Instructions to follow:
Pictures in the entries below are excluded; copy only the lines from the one containing "Пример. Для нормальной" to the one containing "White suite comprising", both included.

─── Provided records

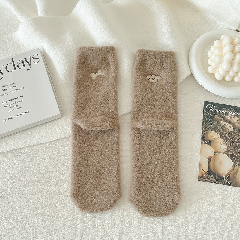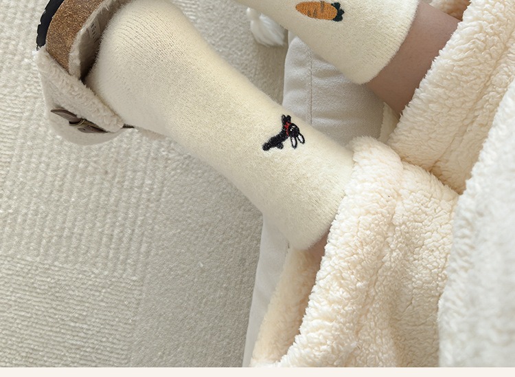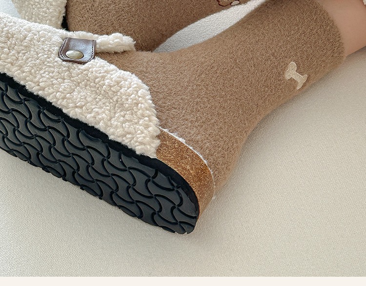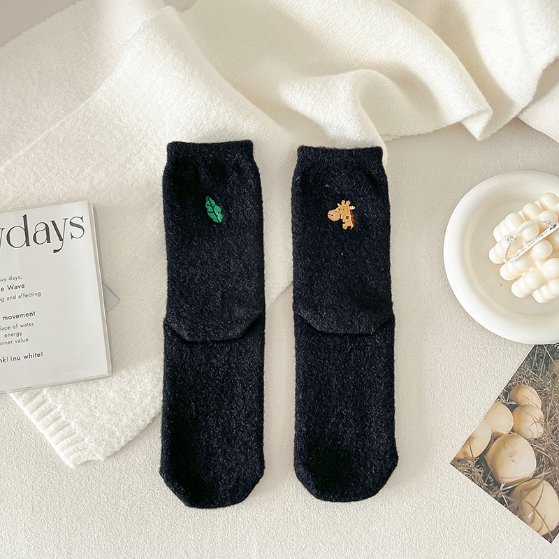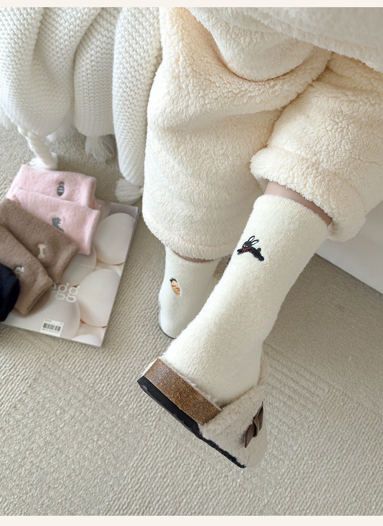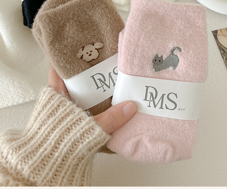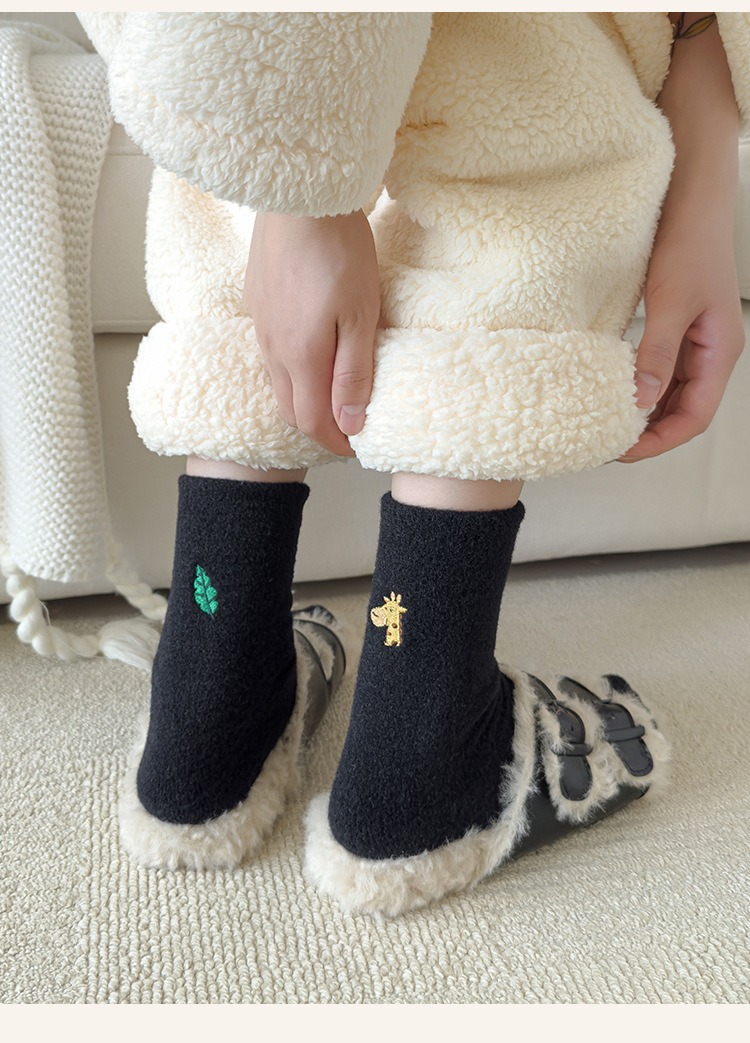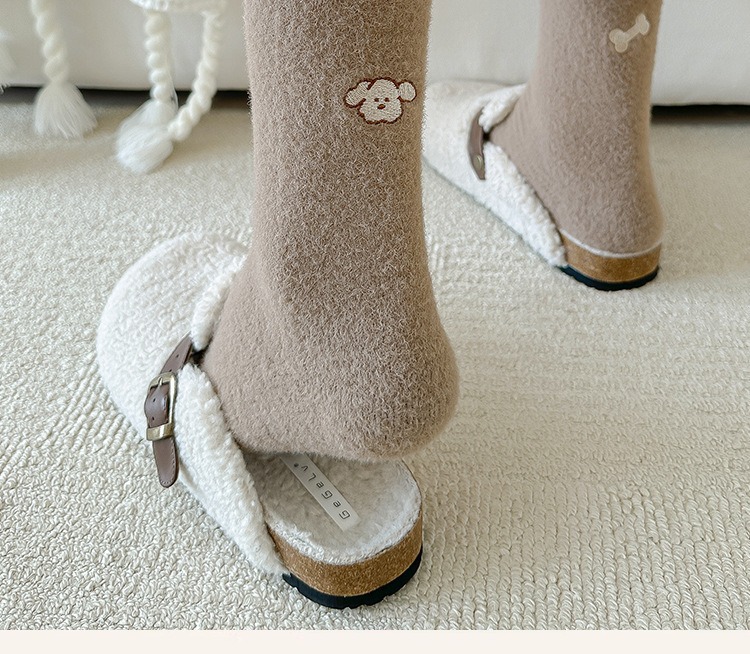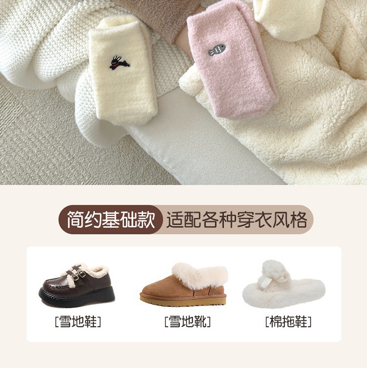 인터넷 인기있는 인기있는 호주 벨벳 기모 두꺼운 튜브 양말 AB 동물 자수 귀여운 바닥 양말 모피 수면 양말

──────
─── Provided records

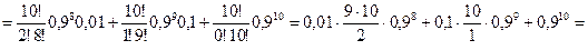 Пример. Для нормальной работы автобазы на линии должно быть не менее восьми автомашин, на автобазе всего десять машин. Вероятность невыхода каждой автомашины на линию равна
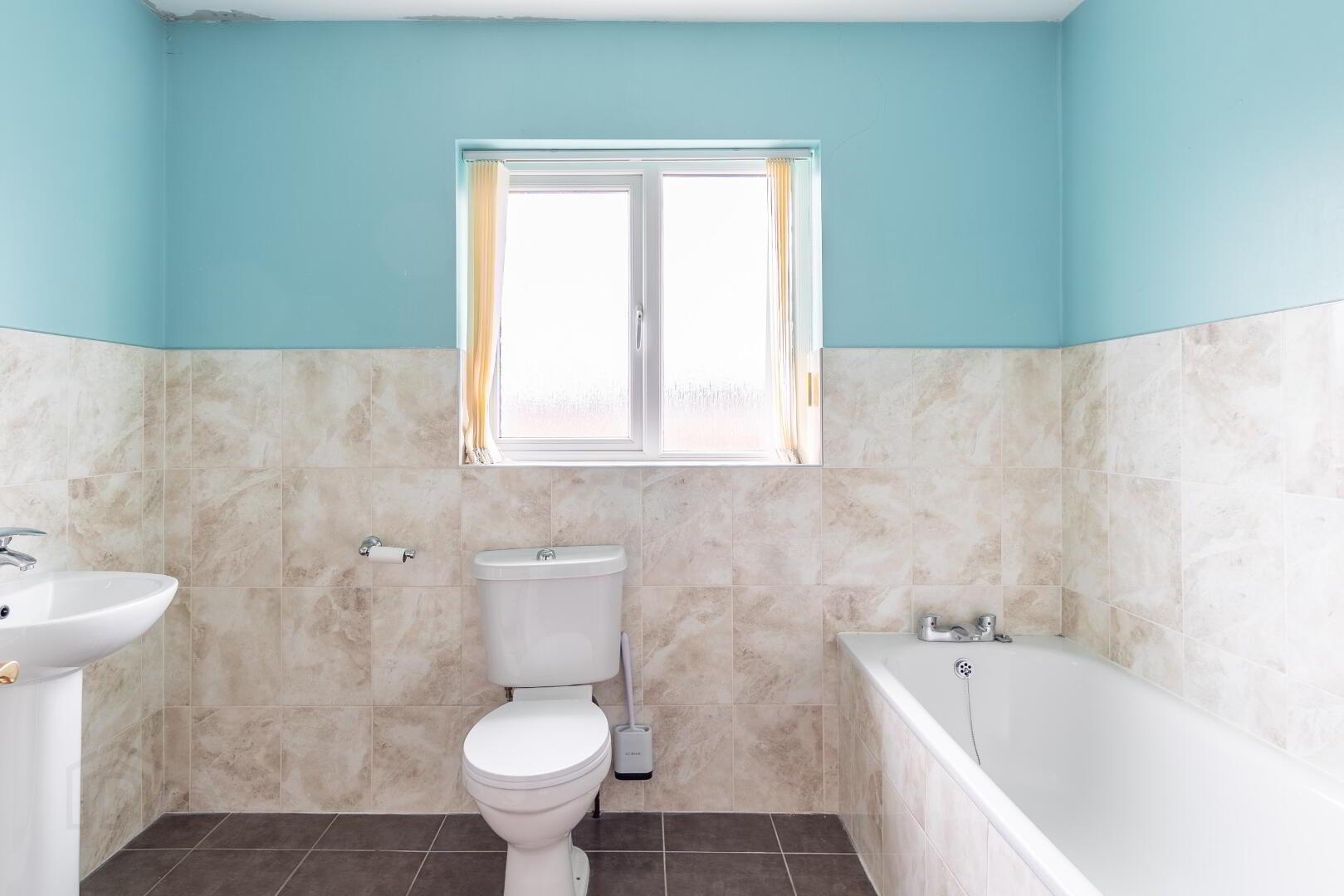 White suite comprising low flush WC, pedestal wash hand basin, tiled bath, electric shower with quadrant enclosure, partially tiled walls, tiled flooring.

──────
─── Provided records

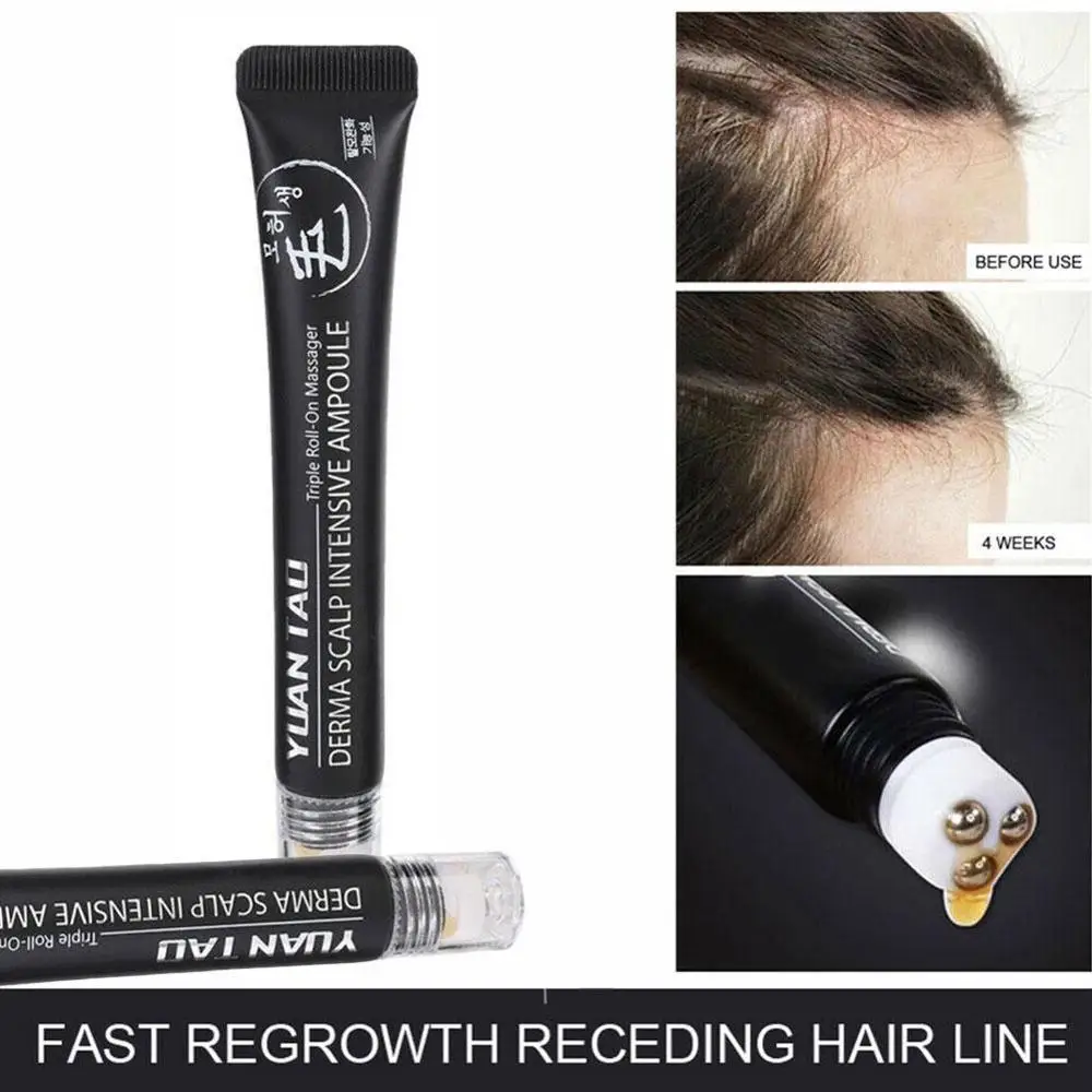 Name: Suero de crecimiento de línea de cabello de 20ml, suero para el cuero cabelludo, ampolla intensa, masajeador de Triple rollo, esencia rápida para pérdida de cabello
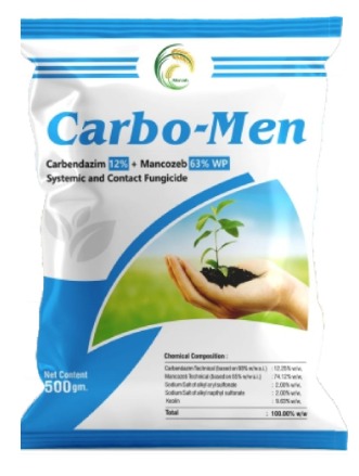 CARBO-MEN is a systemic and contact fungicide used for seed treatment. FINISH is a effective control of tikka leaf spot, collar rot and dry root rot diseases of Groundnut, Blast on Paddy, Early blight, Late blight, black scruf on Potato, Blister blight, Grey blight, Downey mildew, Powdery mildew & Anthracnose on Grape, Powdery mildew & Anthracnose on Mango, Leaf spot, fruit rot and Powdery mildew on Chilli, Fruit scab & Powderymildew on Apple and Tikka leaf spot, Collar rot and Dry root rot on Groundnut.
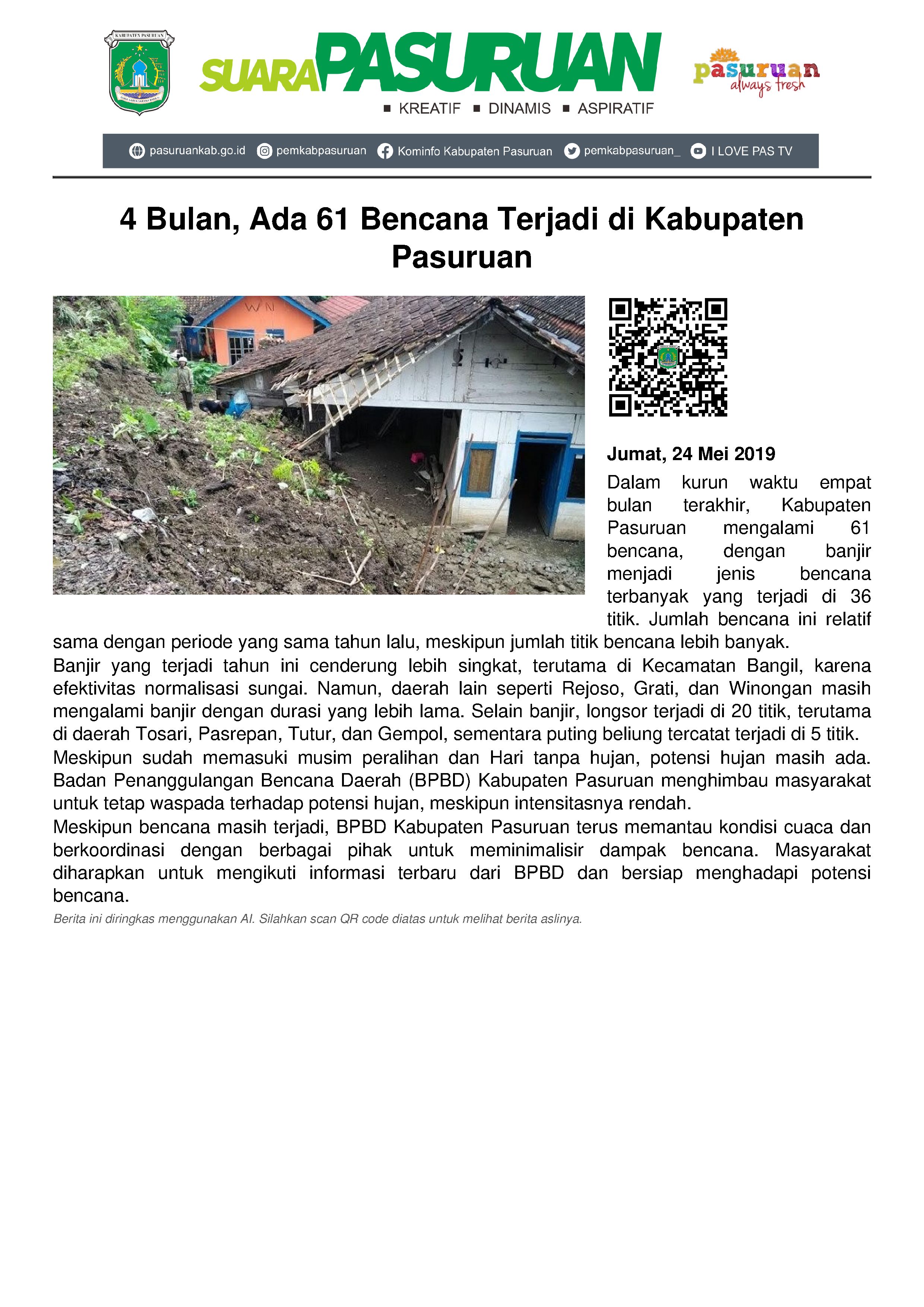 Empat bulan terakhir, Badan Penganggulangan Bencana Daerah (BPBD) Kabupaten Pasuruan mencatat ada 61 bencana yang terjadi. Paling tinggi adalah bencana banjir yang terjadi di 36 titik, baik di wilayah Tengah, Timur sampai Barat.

──────

Exercise answer:
 Пример. Для нормальной работы автобазы на линии должно быть не менее восьми автомашин, на автобазе всего десять машин. Вероятность невыхода каждой автомашины на линию равна
 White suite comprising low flush WC, pedestal wash hand basin, tiled bath, electric shower with quadrant enclosure, partially tiled walls, tiled flooring.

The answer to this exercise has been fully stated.